Read Related: Common Sense Dos and Don’ts of Online Dating

That’s what’s terrifying about online dating. In good faith, we believe that uploaded photos are current, not from 10 years ago. We trust that she’s single or that he doesn’t have a criminal record. We welcome winks, emails, and soon enough, phone calls and dates. We place ourselves in potential danger, hoping for a love connection. And that can be dangerous.

Mary Kay Beckman, a former Match.com member, learned this the hard way. Beckman was stabbed ten times by Wade Mitchell Reilly, a man she dated briefly in September 2010 after meeting him on Match.com. They only knew each other eight days before she ended their relationship but Reilly didn’t take it lightly. Four months later, he broke into her home and stabbed and beat her. Mary was hospitalized for months and accrued a bill of $400,000 due to needing extensive plastic surgery. She is now suing Match.com for $10 million dollars, claiming the site doesn’t do enough to screen violent users.
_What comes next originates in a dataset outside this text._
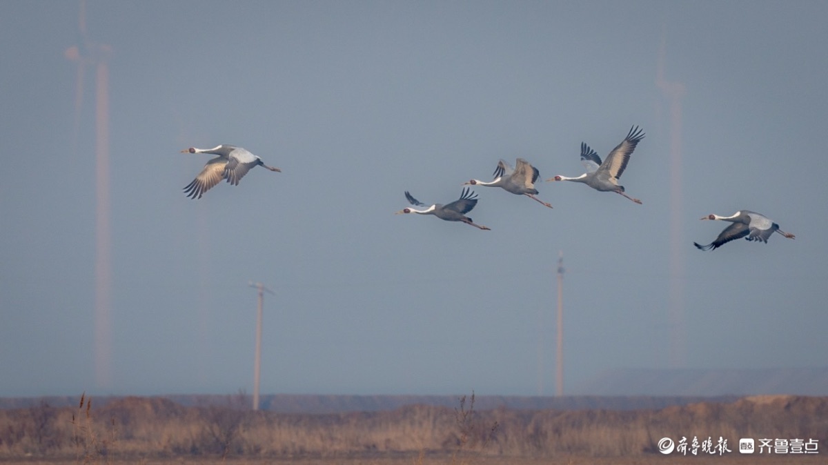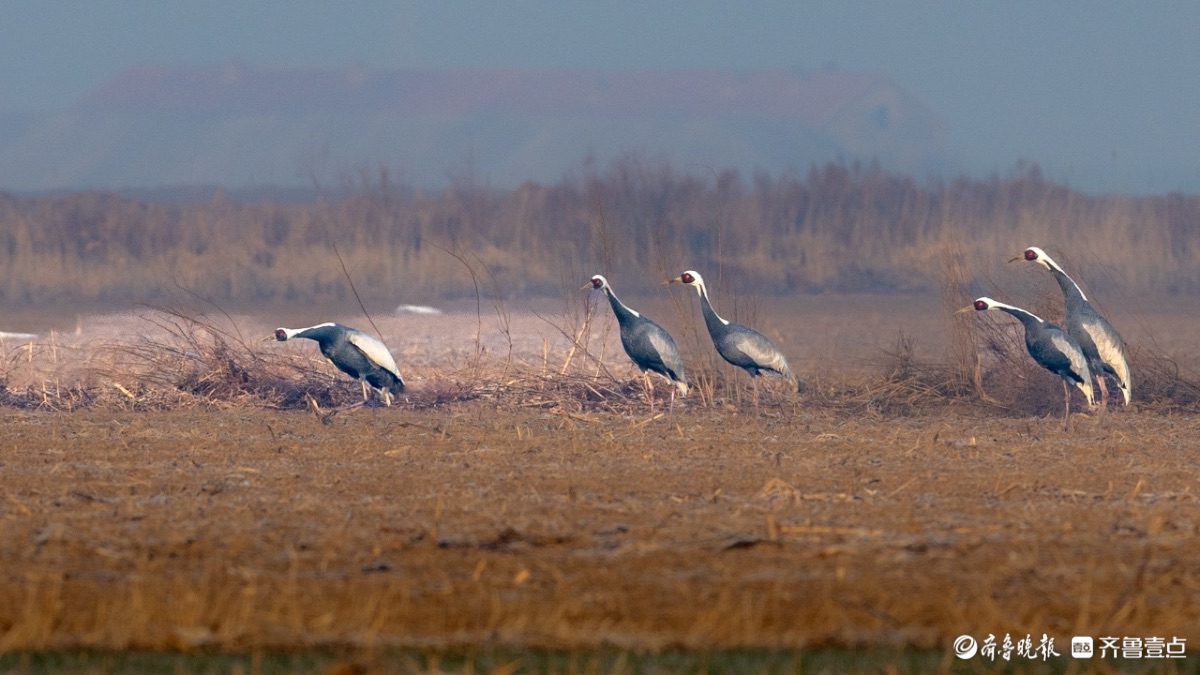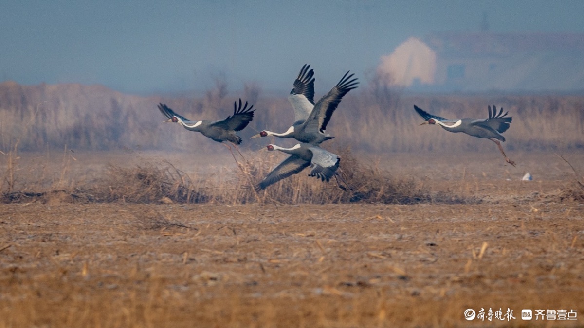 冬日的东营黄河湿地麦田,是白枕鹤的天然驿站。镜头里,它们或静立麦田勾勒出静谧的生态画卷,或展翅飞翔划破雾蒙蒙的天空,动静之间,尽是生命对这片土地的眷恋。张清摄

Of course Beckman’s case was extreme, and your online dating experience is unlikely to turn out this way. I have many friends who met their partners via online dating sites like Match.com, EHarmony, and even free membership sites, like OK Cupid and Plenty of Fish. You just have to be smart about what you say and note red flags. Here are some online dating safety tips from Scambook, the leading online complaint resolution platform:

  • Don’t provide too much information about yourself.
  • Use a prepaid credit card to protect primary bank accounts.
  • Be wary of downloads. If a dating site asks to download and install software, take this as a red flag.
  • Don’t send or receive gifts (or money) prior to meeting. This can be used to build fake “trust.”
  • Tell someone about your date, including location and the time of your date.
  • Meet in a public place.

I also want to provide some online dating safety tips that worked for me at 28.
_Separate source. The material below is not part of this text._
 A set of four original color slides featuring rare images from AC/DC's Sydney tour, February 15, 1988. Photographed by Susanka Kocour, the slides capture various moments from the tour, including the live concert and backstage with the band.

  • On your first date, meet for a coffee and/or tea instead of dinner and drinks. The date will be shorter. If you like his or her energy and feel safe, then you can have a longer date the second time around.
  • Speaking of drinks, don’t go out for drinks on the first date. When we drink, we are more vulnerable, less attuned to our instincts, and often times more trusting.
  • Go out early afternoon on a Saturday or Sunday. This lends to a safe coffee or brunch date. It is also daytime!
  • Don’t have your date pick you up or drop you off. Meet him at the location. He doesn’t need to know where you live yet.
  • Instead of giving him your real number, sign up for a Google Voice number. That way you can still communicate without giving out personal information. If it doesn’t work out and he is harassing you, you can always delete your Google Voice number.
  • Don’t add him on any social media platform. That goes for Facebook, Twitter, Instagram, and anything else you can think of. We share truly personal information on these social media sites, including photos, events we are attending, and location check-ins. The less he knows and has access to in the beginning, the safer you will be.

So, go online with these tips in mind. And remember, if it reads too good to be true, it probably is!